2021-01-18 by xiaoguang

I’ve read the Monty Hall problem before in a text book, but I didn’t get a intuitive understanding except the mathmatical result by Bayes’ rule. Yesterday when I read the book of “Probabilistic Machine Learning: An Introduction”, I found the intuitive explaination by the author. It’s like an Aha moment, so I decided to note it down here.

The problem

According to the wikipedia doc, this problem came from a American game show and is named after its original host, Monty Hall.
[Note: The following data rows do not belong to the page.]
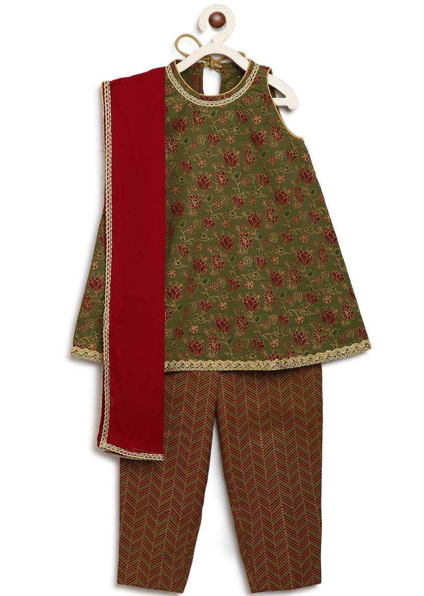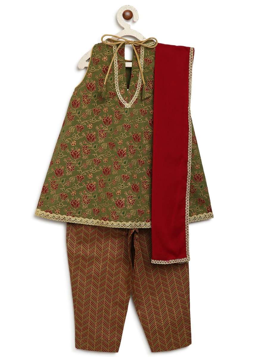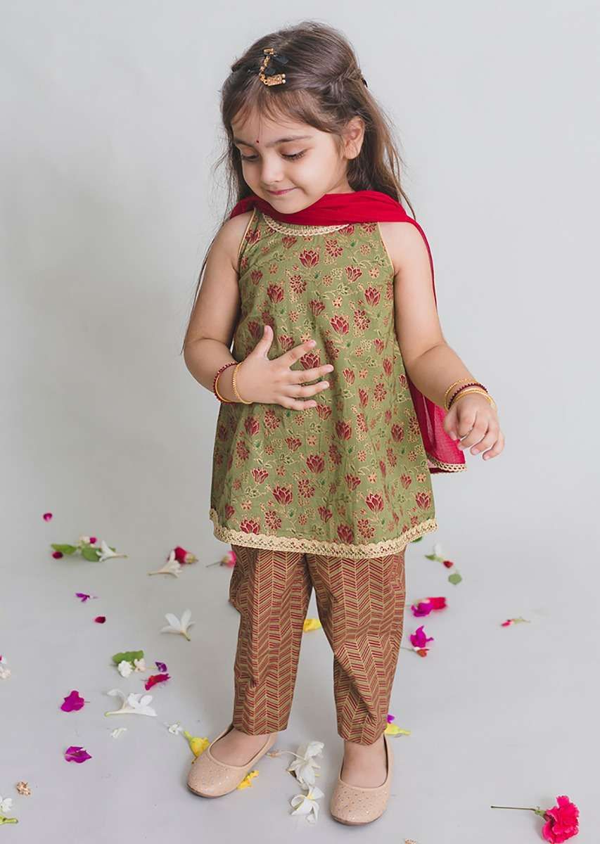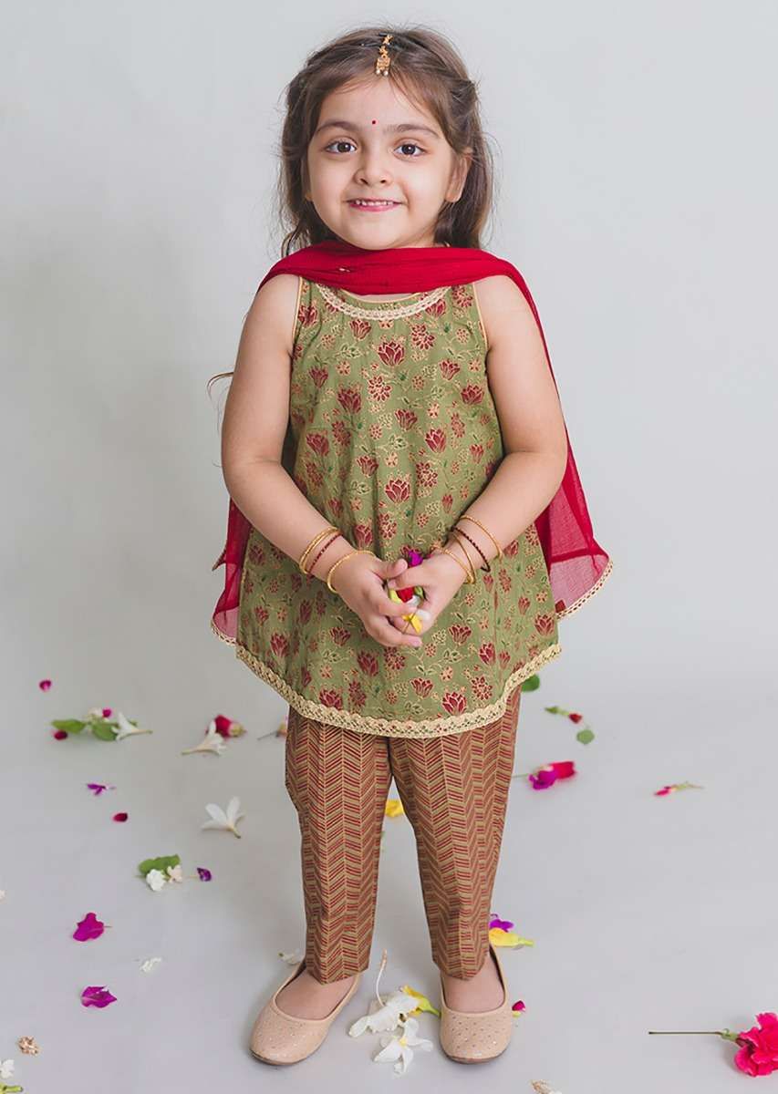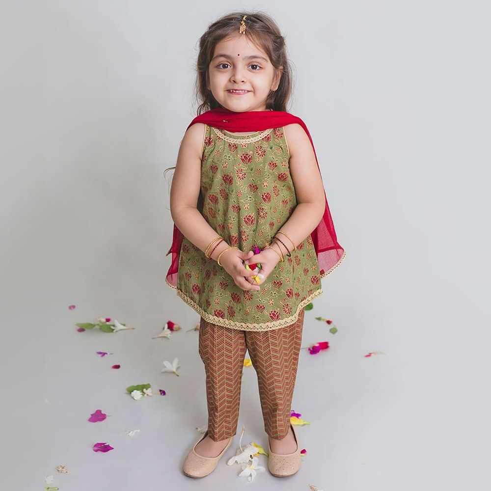 The uber chic sleeveless top paired with sleek pair of trousers and a dupatta to match is a must have in the little diva's wardrobe. Top and pants are made in gold printed pure cotton and maroon dupatta in the softest viscose chiffon (natural fabric) specially for your baby's tender skin. Adorned with delicate laces around the neck and hem to give the perfect festive look for all special occasions and days when you just want to doll her up. The relaxed silhouette ensures utmost comfort for the little one so the best smile is always on. Awarded As The Most Trusted Brand We'Re Delivering Styles You Love Just As Promised.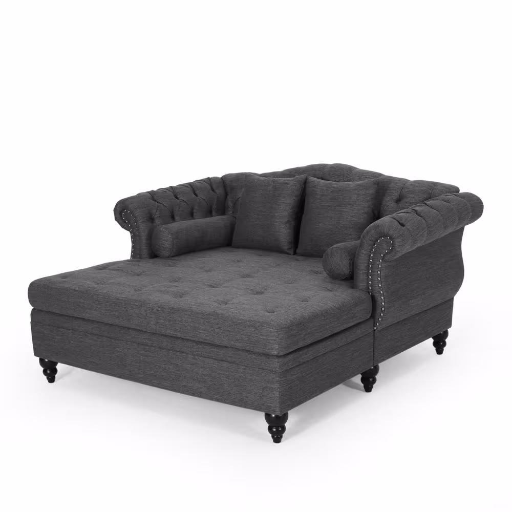 Noble House Sonne Charcoal and Dark Brown Tufted Double Chaise Lounge with Accent Pillows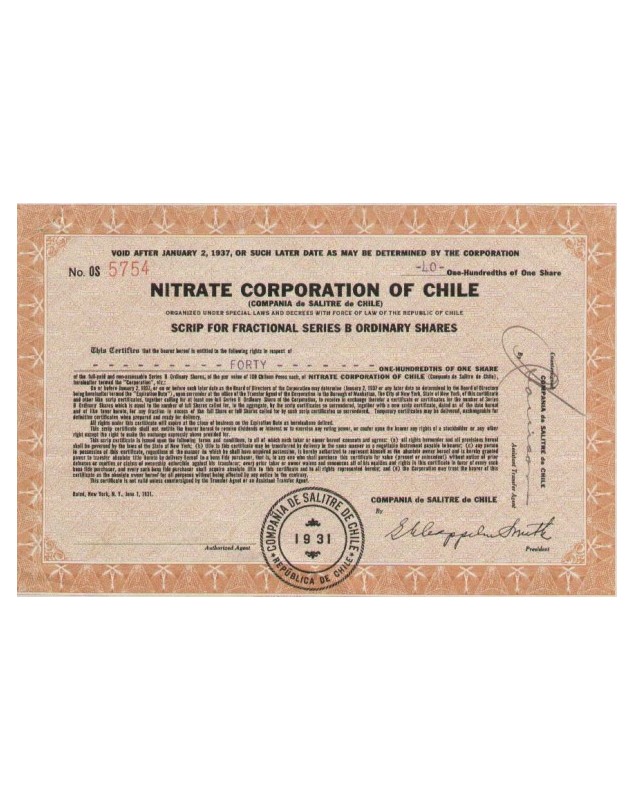Certificat fractionnaire d'Action ordinaire, série B - New-york 1931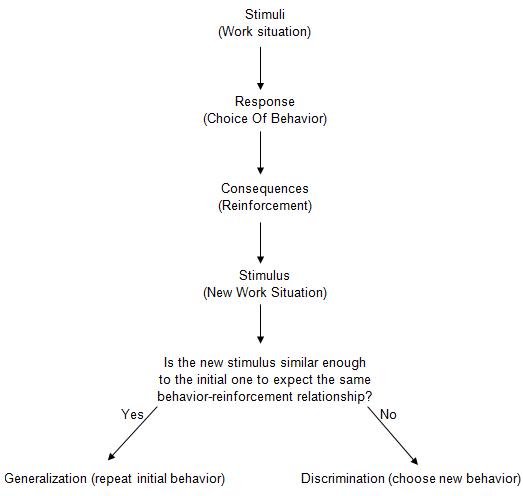 Consider the plant manager of a manufacturing company who has a history of effective troubleshooting. Over the years he has been assigned to several plants, each with a serious operating problem. After successfully dealing with the difficulties, he has always received an extended vacation, a bonus and an increase in his base salary. He has learned the basic contingencies or requirements of reinforcement for his job. The stimulus is the assignment, the response is correcting problems and the consequences are several positive reinforcers. When the manager gets his next assignment, he will probably generalize from his past experiences even though he will be in a different plant with different problems and employees he will know what is expected of him and understand what it takes to be rewarded.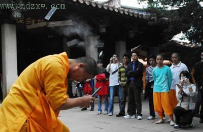 事件實(shí)錄:“哇,鐵條斷了、三根都斷了!”,在泉州南少林寺大殿廣場前,圍成一圈的觀眾群中響起了一陣陣驚嘆聲。幾分鐘前,在眾多媒體及游客面前,泉州南少林寺弟子釋振明在短暫的凝神運(yùn)氣后,用頭撞向鐵板。一撞之下,三條規(guī)則疊放在一起、半米長、總厚度達(dá)1.5厘米的鐵條瞬間碎成了四五截、飛出四五米開外。在這一手高超的“鐵頭功”面前,幾位小朋友驚奇得連嘴都沒合上。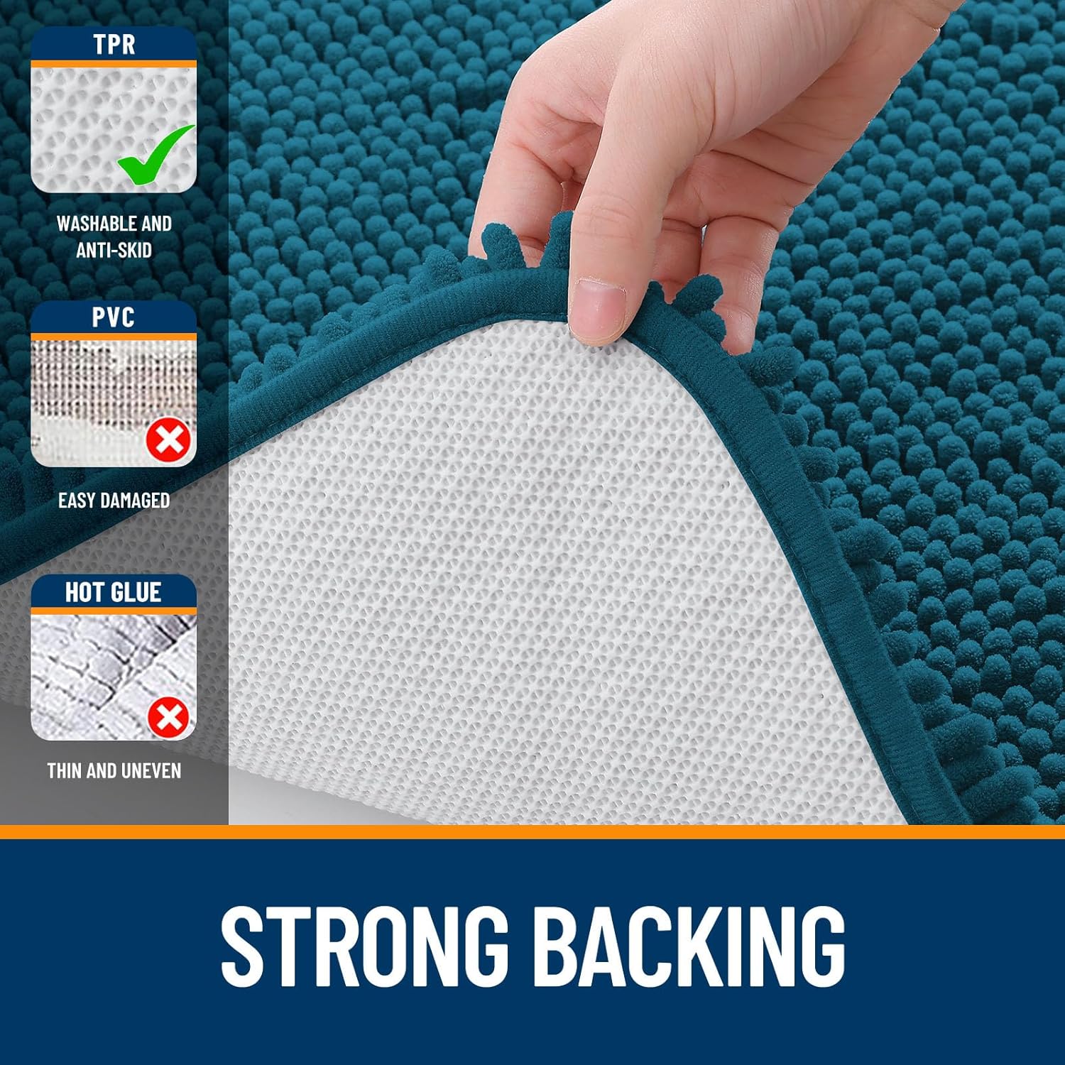 - Long-lasting and Sturdy - Our bath mat features a textured rubber backing for stability, surpassing the durability of other brands using PVC or hot glue. Unlike traditional materials, our TP Rubber Backing is engineered to withstand repeated washes without compromising its integrity. WARNING: Water under the bathroom rug can cause it to slip. Keep bottom of the bath rug dry!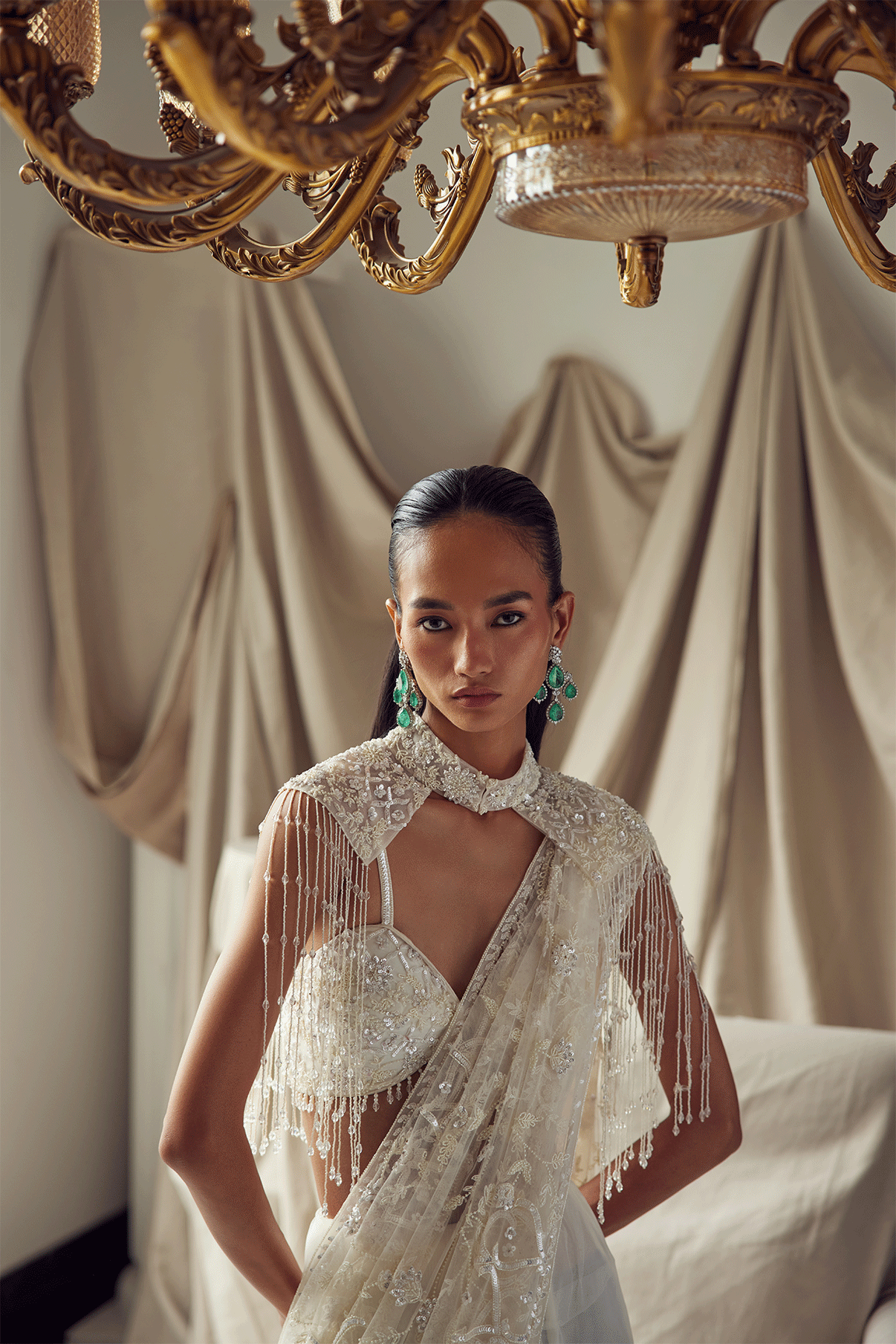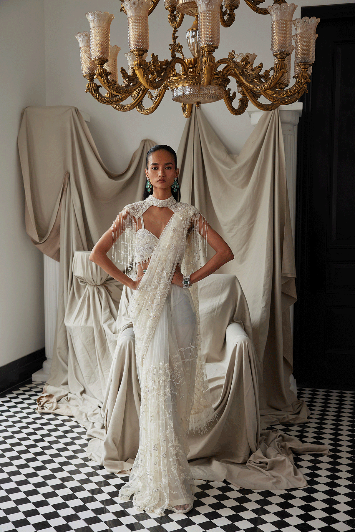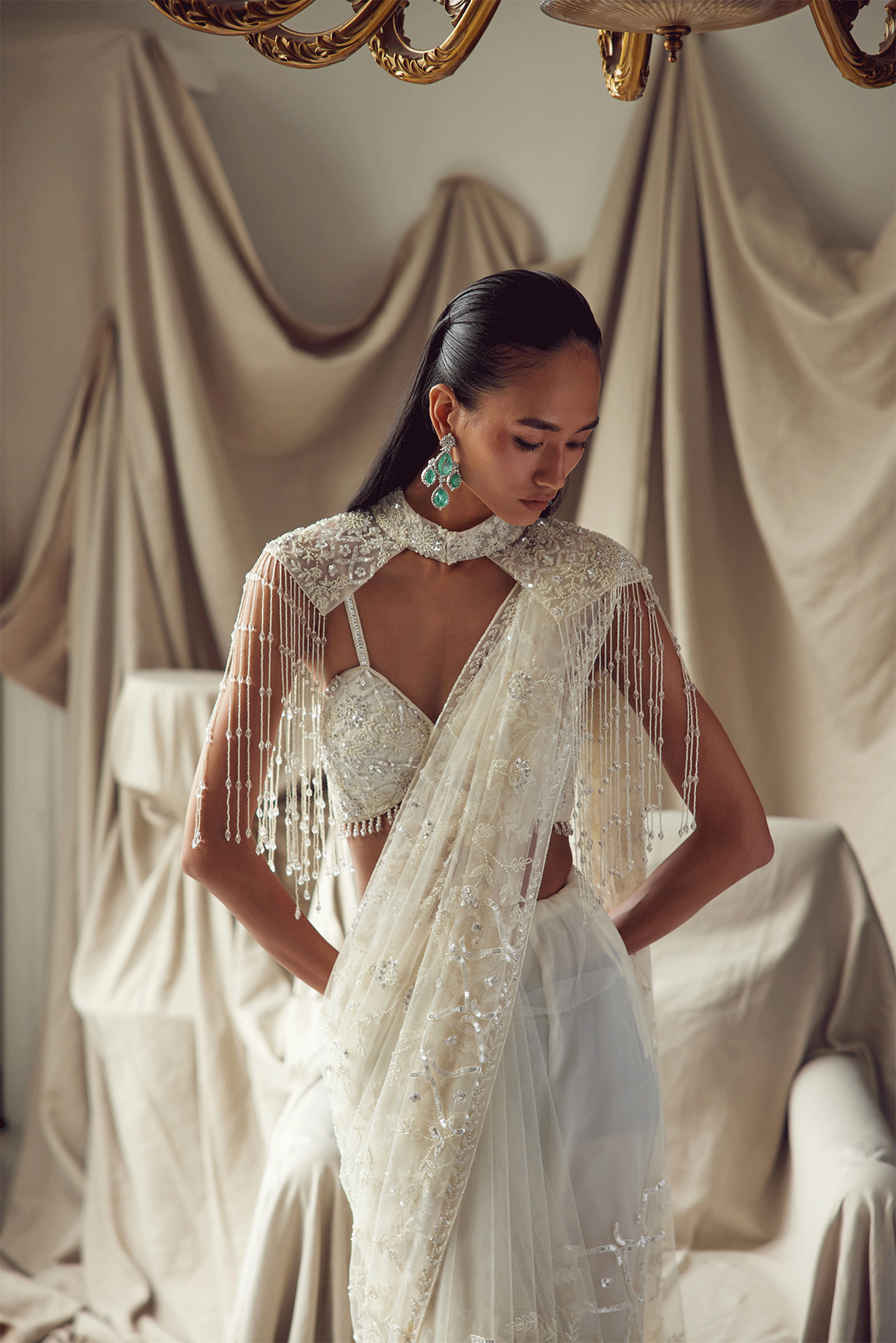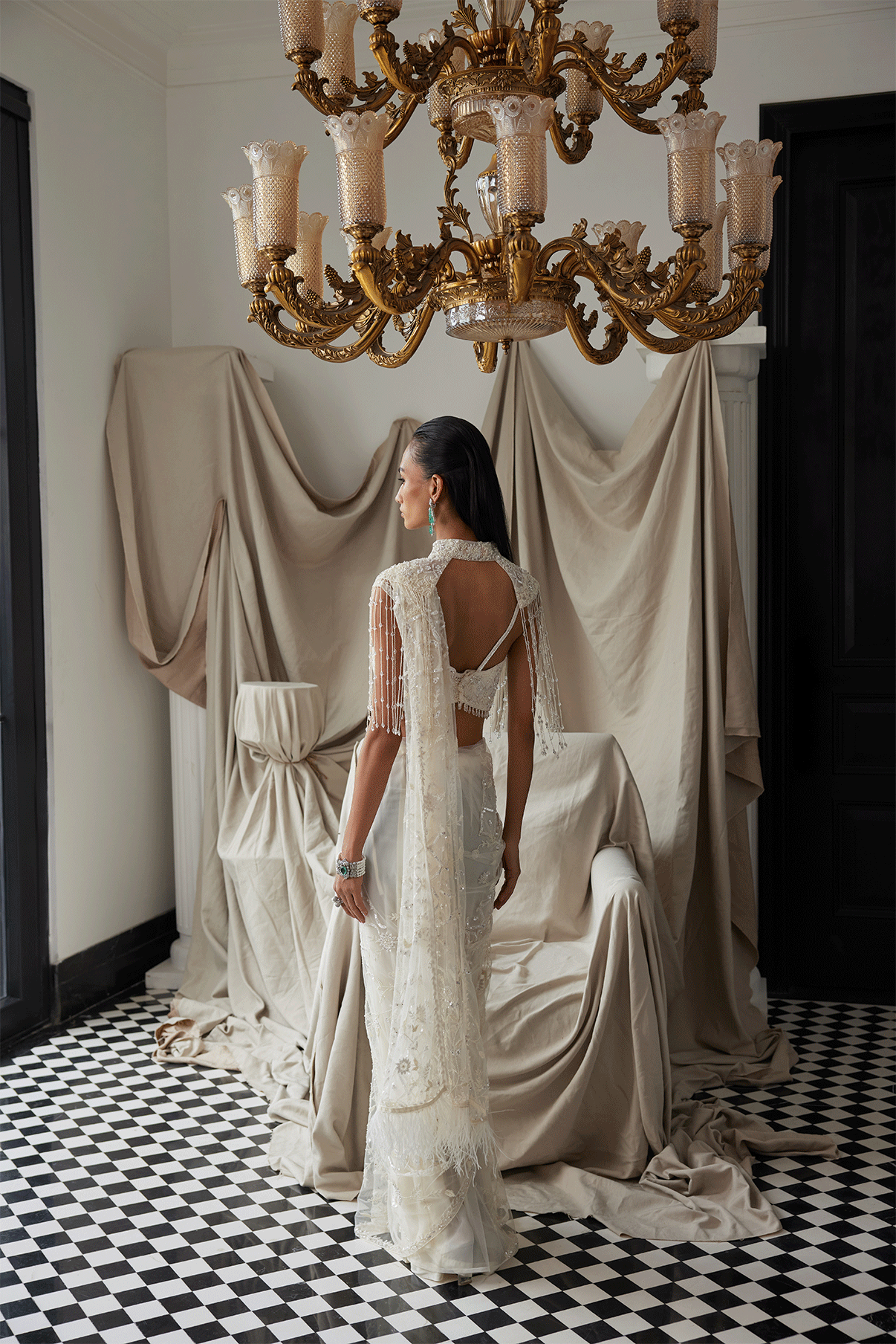 IVORY COCKTAIL SAREE WITH A SHOULDER CAPE

In the game show, the challenger is facing 3 doors and a car is hidden behind them. The challenger is supposed to first choose one door, and then the host will do a favor by open the empty door from the rest of the two doors. Then the challenger is given a choice: to stick with the previous chosen door or switch to the other not opened door.

The math

Without loose of generality, let’s assume that the challenger chooses the first door and the host opened the third door. Now the challenger need to decide whether to stick with door 1 or switch to door 2.

Let’s assume:

  • Ci: car is behind door i
  • Dj: host opens door j as a favor

Now we can model the problem using Bayes’ rule:

  1. The probability of the car is behind door 1 given the host has opened door 3

    P(C1|D3) = P(D3|C1)P(C1)/P(D3)
  2. The probability of the car is behind door 2 given the host has opened door 3

    P(C2|D3) = P(D3|C2)P(C2)/P(D3)

Now, the challenger need to do some math and find the maximum one.

For P(C1|D3):

# the prior proability of `P(C1)` is `1/3`
P(C1) = 1/3

# the likelyhood, ie. the probability the host opens door 3 when the car is behind door 1, is:
P(D3|C1) = 1/2

# the probability of `P(D3)` is not important for comparison, but we still give it here:
P(D3) = P(D3|C1)P(C1) + P(D3|C2)P(C2) + P(D3|C3)P(C3) 
      = 1/2 * 1/3 + 1 * 1/3 + 0 * 1/3 = 1/2

# so the probability result is:
P(C1|D3) = 1/2 * 1/3 / (1/2) = 1/3

Apply the same calculation for P(C2|D3), the result is:

P(D3|C2) = 1
P(C2) = 1/3
P(C2|D3) = 1 * 1/3 / (1/2) = 2/3

As you can see, the challenger should switch to door 2.

Intuitive explaination given by the author

So how to understand the result? The way to think the problem correctly is:

what’s the influence on the result when the host opens one empty door?

The book says, imagine we give the user 1000 doors, and the host opened 998 doors. Now if you are the challenger will you:

  1. stick with the one you chosen at first, or
  2. switch to the one left by the host after he opened 998 empty doors?

I’ll do the switch.